INSTRUCTIONS FOR THE TASK:
A faithful copy of the data is what is wanted, minus any pictures.

DATA SUPPLIED:
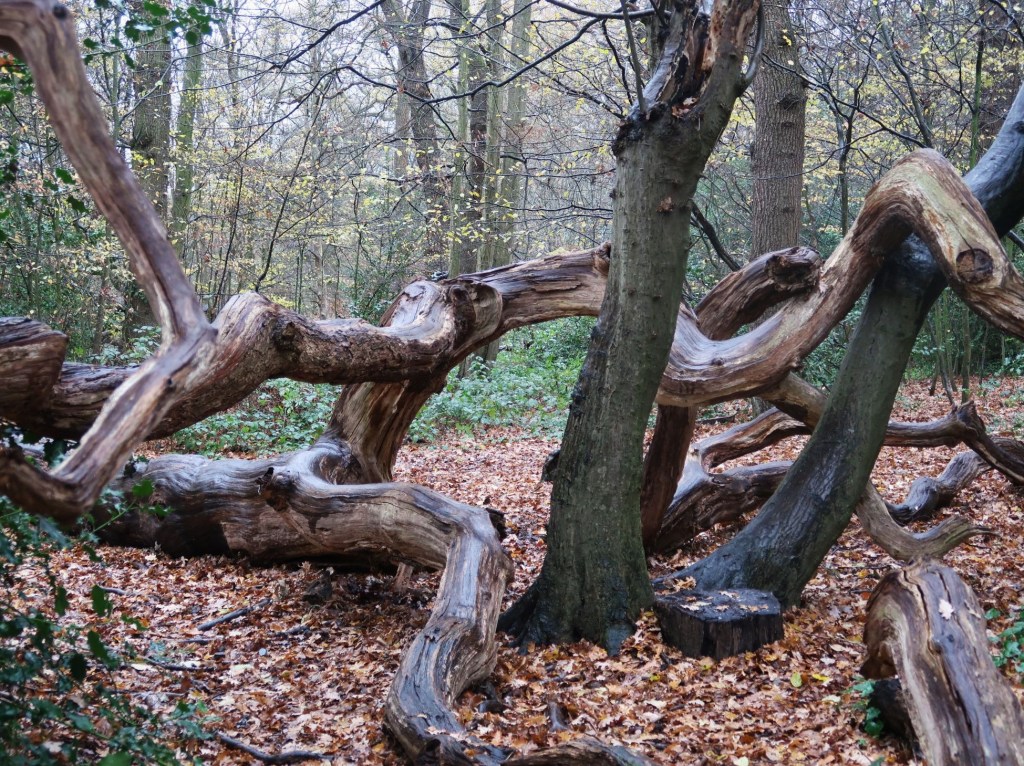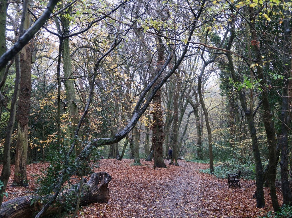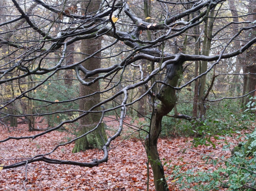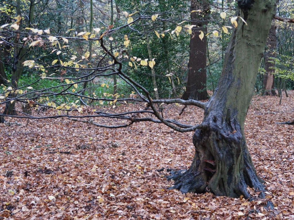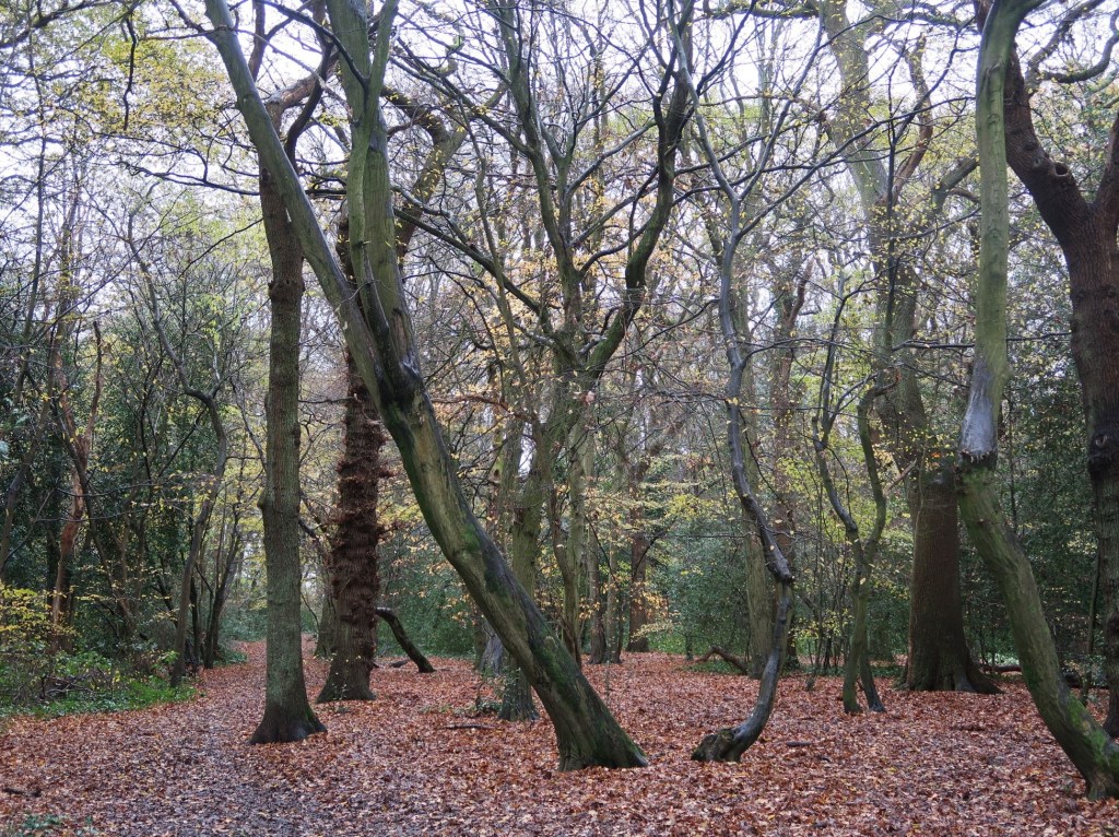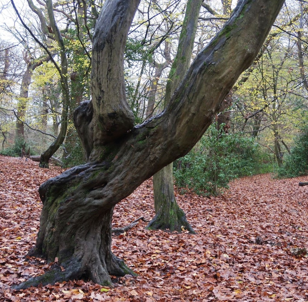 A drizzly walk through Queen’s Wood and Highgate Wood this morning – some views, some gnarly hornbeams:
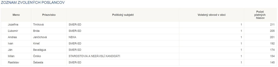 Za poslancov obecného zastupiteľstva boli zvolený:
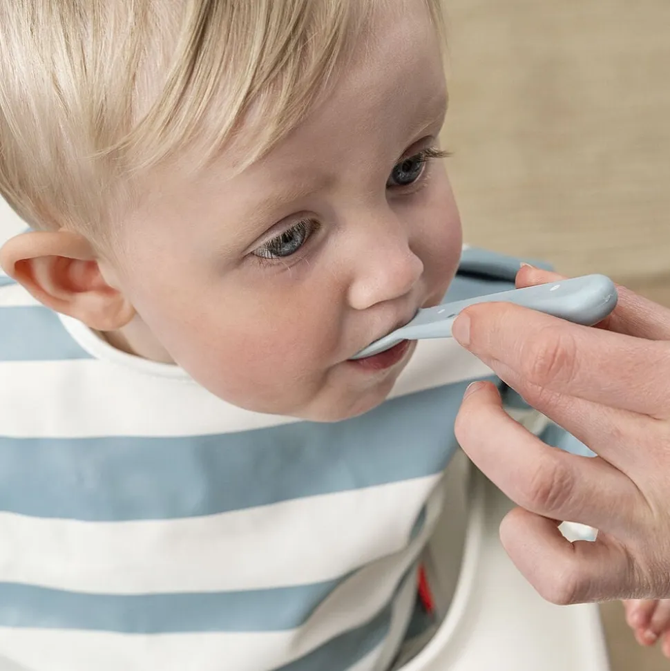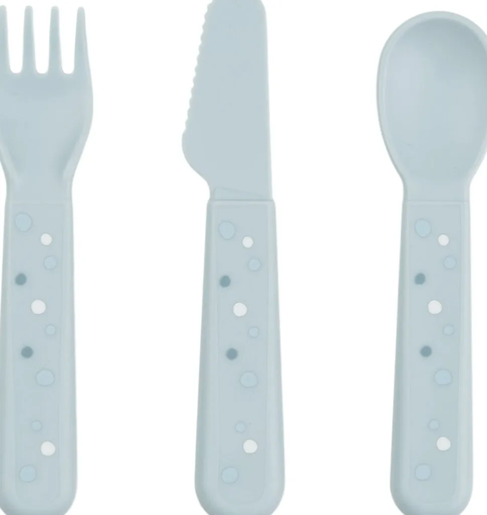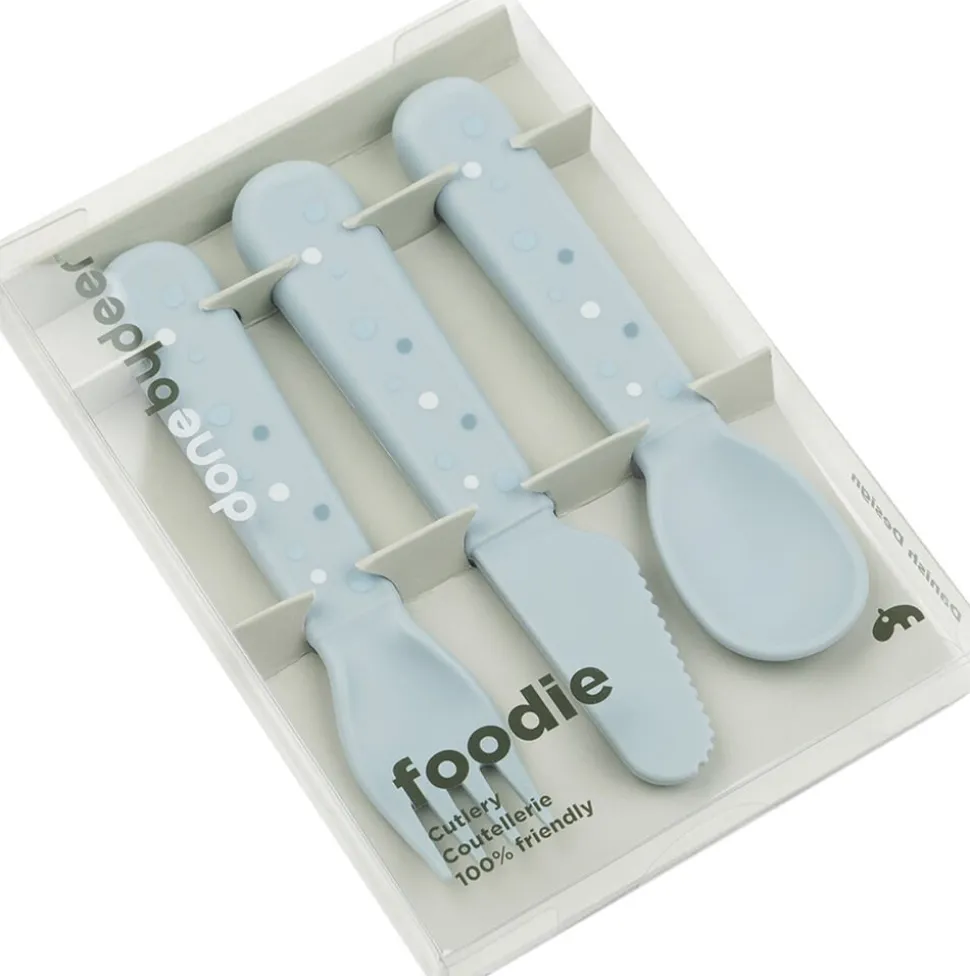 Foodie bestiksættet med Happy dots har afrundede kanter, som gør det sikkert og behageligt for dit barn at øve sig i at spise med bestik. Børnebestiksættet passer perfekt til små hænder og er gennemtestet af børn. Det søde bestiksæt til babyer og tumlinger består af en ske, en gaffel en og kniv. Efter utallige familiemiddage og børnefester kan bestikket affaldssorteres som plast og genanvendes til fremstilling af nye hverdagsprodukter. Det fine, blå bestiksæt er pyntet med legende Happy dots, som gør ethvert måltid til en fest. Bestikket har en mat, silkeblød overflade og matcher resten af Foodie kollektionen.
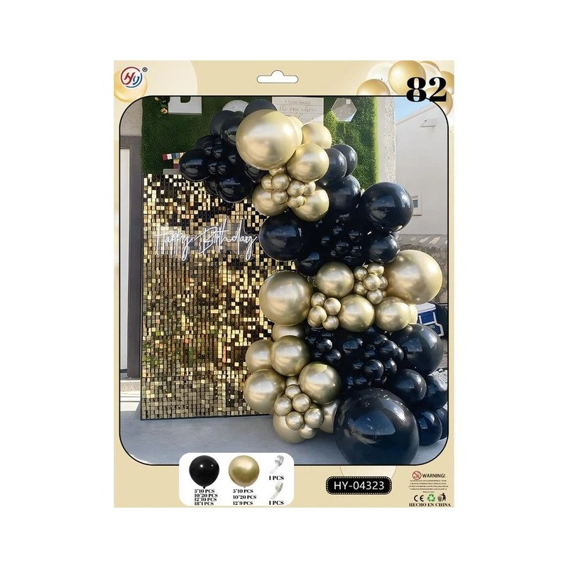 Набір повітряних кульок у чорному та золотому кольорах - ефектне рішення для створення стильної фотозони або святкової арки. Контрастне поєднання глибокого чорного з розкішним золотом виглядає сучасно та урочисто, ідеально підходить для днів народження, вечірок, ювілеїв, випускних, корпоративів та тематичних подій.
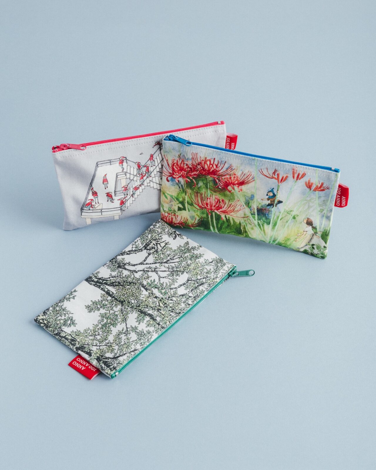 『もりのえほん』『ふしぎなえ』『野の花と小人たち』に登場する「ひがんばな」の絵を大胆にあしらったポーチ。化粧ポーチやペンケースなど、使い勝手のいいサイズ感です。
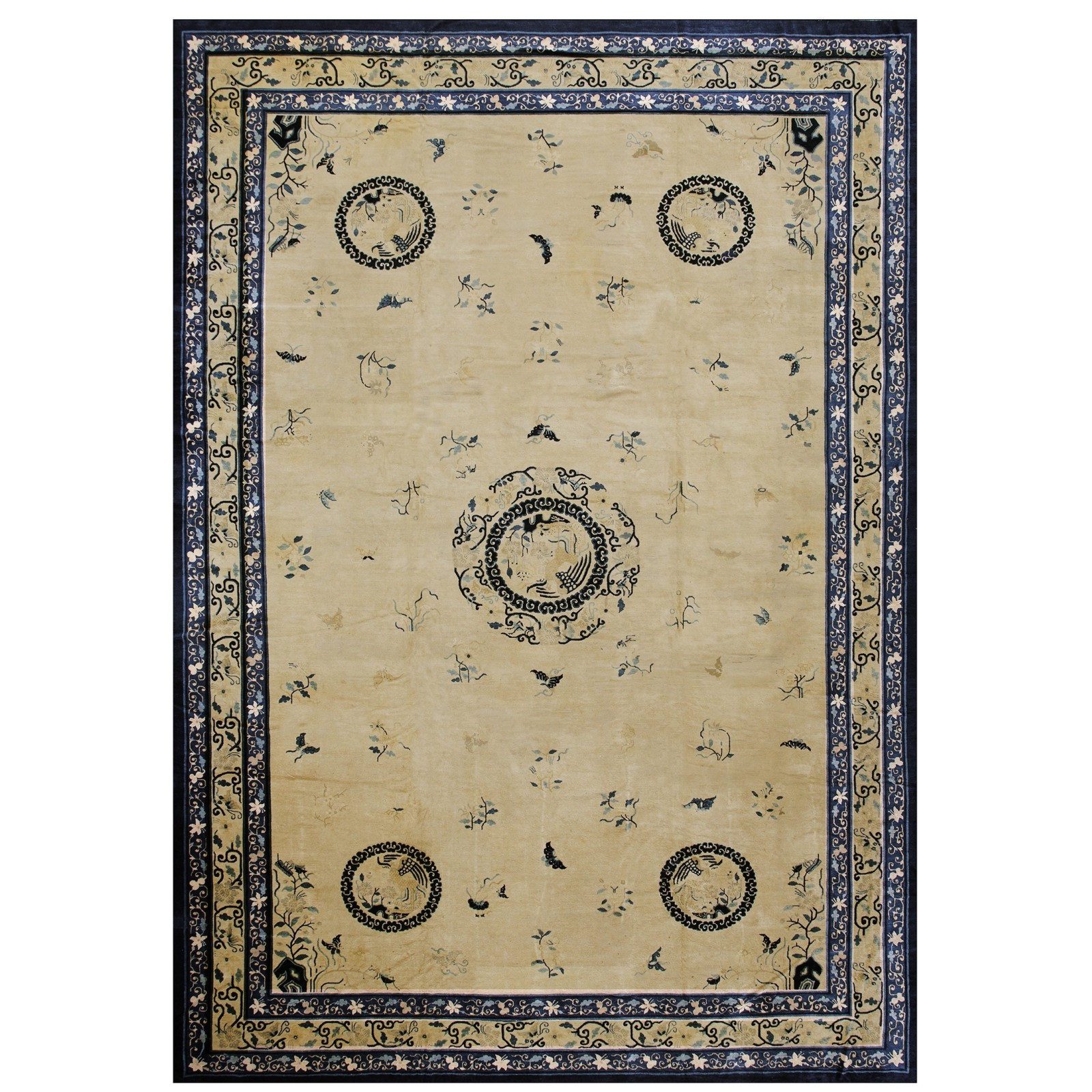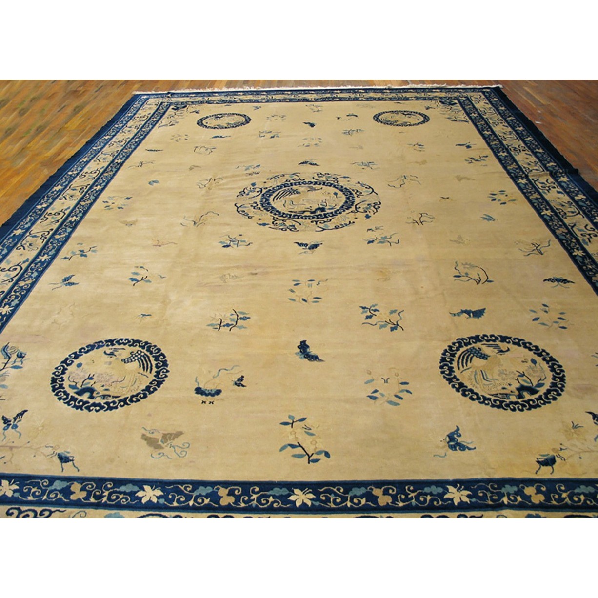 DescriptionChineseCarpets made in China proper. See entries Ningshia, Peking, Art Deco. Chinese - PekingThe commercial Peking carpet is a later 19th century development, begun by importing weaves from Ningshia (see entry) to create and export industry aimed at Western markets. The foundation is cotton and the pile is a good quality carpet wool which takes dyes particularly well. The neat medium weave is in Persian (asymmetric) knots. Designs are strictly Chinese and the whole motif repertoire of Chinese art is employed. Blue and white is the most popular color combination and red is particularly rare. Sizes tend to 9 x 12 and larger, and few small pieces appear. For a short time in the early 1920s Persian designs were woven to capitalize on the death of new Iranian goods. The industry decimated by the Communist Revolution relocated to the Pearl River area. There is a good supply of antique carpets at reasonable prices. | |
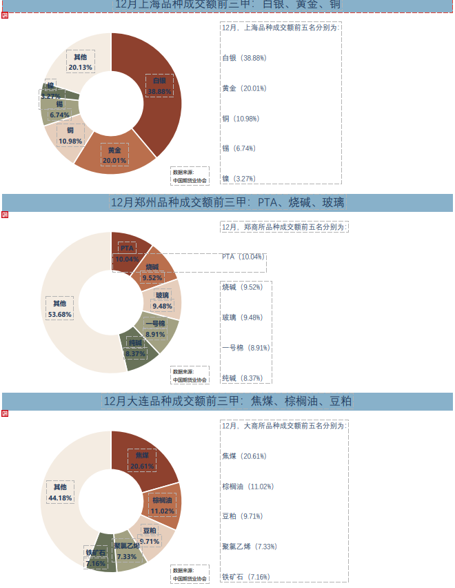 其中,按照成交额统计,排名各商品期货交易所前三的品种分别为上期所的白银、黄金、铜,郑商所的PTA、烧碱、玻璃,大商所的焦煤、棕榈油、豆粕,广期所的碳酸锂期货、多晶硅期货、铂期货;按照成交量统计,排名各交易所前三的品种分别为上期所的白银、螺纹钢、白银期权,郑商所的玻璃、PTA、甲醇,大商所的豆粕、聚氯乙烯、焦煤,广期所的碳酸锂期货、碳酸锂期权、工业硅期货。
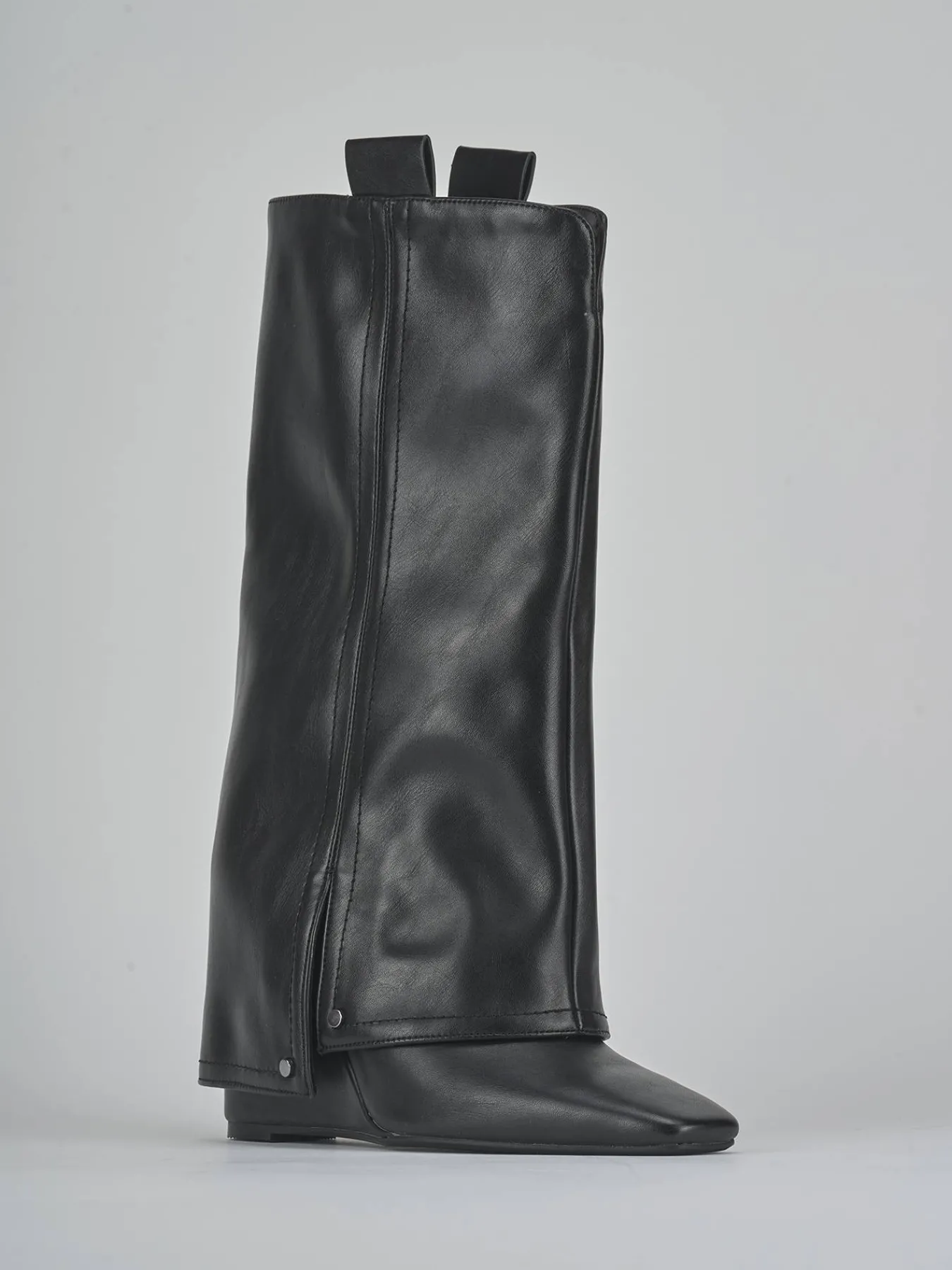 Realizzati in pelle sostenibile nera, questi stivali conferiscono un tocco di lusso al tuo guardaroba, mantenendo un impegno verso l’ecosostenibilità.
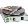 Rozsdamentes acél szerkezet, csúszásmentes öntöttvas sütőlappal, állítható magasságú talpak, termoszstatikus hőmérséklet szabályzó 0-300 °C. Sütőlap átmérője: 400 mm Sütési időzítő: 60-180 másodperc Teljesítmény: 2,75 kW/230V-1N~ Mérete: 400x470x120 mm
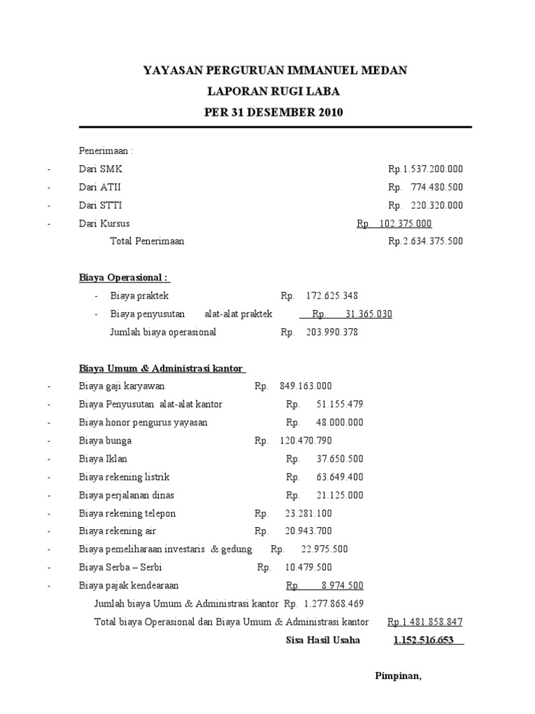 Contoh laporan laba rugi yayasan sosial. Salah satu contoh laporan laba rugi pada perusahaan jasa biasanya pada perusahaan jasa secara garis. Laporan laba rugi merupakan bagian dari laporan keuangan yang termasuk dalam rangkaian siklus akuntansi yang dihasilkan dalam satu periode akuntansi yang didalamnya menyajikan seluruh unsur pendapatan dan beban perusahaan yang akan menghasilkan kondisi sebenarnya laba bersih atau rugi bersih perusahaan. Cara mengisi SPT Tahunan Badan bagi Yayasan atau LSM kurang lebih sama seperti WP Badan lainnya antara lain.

ANSWER TO THE EXERCISE:
 A drizzly walk through Queen’s Wood and Highgate Wood this morning – some views, some gnarly hornbeams:
 Za poslancov obecného zastupiteľstva boli zvolený:
 Foodie bestiksættet med Happy dots har afrundede kanter, som gør det sikkert og behageligt for dit barn at øve sig i at spise med bestik. Børnebestiksættet passer perfekt til små hænder og er gennemtestet af børn. Det søde bestiksæt til babyer og tumlinger består af en ske, en gaffel en og kniv. Efter utallige familiemiddage og børnefester kan bestikket affaldssorteres som plast og genanvendes til fremstilling af nye hverdagsprodukter. Det fine, blå bestiksæt er pyntet med legende Happy dots, som gør ethvert måltid til en fest. Bestikket har en mat, silkeblød overflade og matcher resten af Foodie kollektionen.
 Набір повітряних кульок у чорному та золотому кольорах - ефектне рішення для створення стильної фотозони або святкової арки. Контрастне поєднання глибокого чорного з розкішним золотом виглядає сучасно та урочисто, ідеально підходить для днів народження, вечірок, ювілеїв, випускних, корпоративів та тематичних подій.
 『もりのえほん』『ふしぎなえ』『野の花と小人たち』に登場する「ひがんばな」の絵を大胆にあしらったポーチ。化粧ポーチやペンケースなど、使い勝手のいいサイズ感です。
 DescriptionChineseCarpets made in China proper. See entries Ningshia, Peking, Art Deco. Chinese - PekingThe commercial Peking carpet is a later 19th century development, begun by importing weaves from Ningshia (see entry) to create and export industry aimed at Western markets. The foundation is cotton and the pile is a good quality carpet wool which takes dyes particularly well. The neat medium weave is in Persian (asymmetric) knots. Designs are strictly Chinese and the whole motif repertoire of Chinese art is employed. Blue and white is the most popular color combination and red is particularly rare. Sizes tend to 9 x 12 and larger, and few small pieces appear. For a short time in the early 1920s Persian designs were woven to capitalize on the death of new Iranian goods. The industry decimated by the Communist Revolution relocated to the Pearl River area. There is a good supply of antique carpets at reasonable prices. | |
 其中,按照成交额统计,排名各商品期货交易所前三的品种分别为上期所的白银、黄金、铜,郑商所的PTA、烧碱、玻璃,大商所的焦煤、棕榈油、豆粕,广期所的碳酸锂期货、多晶硅期货、铂期货;按照成交量统计,排名各交易所前三的品种分别为上期所的白银、螺纹钢、白银期权,郑商所的玻璃、PTA、甲醇,大商所的豆粕、聚氯乙烯、焦煤,广期所的碳酸锂期货、碳酸锂期权、工业硅期货。
 Realizzati in pelle sostenibile nera, questi stivali conferiscono un tocco di lusso al tuo guardaroba, mantenendo un impegno verso l’ecosostenibilità.
 Rozsdamentes acél szerkezet, csúszásmentes öntöttvas sütőlappal, állítható magasságú talpak, termoszstatikus hőmérséklet szabályzó 0-300 °C. Sütőlap átmérője: 400 mm Sütési időzítő: 60-180 másodperc Teljesítmény: 2,75 kW/230V-1N~ Mérete: 400x470x120 mm
 Contoh laporan laba rugi yayasan sosial. Salah satu contoh laporan laba rugi pada perusahaan jasa biasanya pada perusahaan jasa secara garis. Laporan laba rugi merupakan bagian dari laporan keuangan yang termasuk dalam rangkaian siklus akuntansi yang dihasilkan dalam satu periode akuntansi yang didalamnya menyajikan seluruh unsur pendapatan dan beban perusahaan yang akan menghasilkan kondisi sebenarnya laba bersih atau rugi bersih perusahaan. Cara mengisi SPT Tahunan Badan bagi Yayasan atau LSM kurang lebih sama seperti WP Badan lainnya antara lain.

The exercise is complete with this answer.